[[ SUPPLIED INFORMATION open ]]

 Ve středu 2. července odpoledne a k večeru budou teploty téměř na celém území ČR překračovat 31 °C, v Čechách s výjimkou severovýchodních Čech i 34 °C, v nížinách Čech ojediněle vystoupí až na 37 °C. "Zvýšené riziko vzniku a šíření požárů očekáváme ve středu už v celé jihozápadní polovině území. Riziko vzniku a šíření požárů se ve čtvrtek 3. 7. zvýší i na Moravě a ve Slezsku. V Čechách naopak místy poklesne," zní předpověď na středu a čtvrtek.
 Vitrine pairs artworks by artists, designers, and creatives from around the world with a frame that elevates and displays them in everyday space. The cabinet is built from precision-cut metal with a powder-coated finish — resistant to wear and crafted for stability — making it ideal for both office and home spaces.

[[ SUPPLIED INFORMATION closed ]]
[[ SUPPLIED INFORMATION open ]]

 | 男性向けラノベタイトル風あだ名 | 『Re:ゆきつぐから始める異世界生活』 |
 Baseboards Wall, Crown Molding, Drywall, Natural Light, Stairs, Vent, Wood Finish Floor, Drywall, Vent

[[ SUPPLIED INFORMATION closed ]]

**AIM OF THE EXERCISE:**
Among the lines above, find the one with "Ve středu 2." and the one with "Vitrine pairs artworks". Quote both and everything between them, exactly.

**SOLUTION:**
 Ve středu 2. července odpoledne a k večeru budou teploty téměř na celém území ČR překračovat 31 °C, v Čechách s výjimkou severovýchodních Čech i 34 °C, v nížinách Čech ojediněle vystoupí až na 37 °C. "Zvýšené riziko vzniku a šíření požárů očekáváme ve středu už v celé jihozápadní polovině území. Riziko vzniku a šíření požárů se ve čtvrtek 3. 7. zvýší i na Moravě a ve Slezsku. V Čechách naopak místy poklesne," zní předpověď na středu a čtvrtek.
 Vitrine pairs artworks by artists, designers, and creatives from around the world with a frame that elevates and displays them in everyday space. The cabinet is built from precision-cut metal with a powder-coated finish — resistant to wear and crafted for stability — making it ideal for both office and home spaces.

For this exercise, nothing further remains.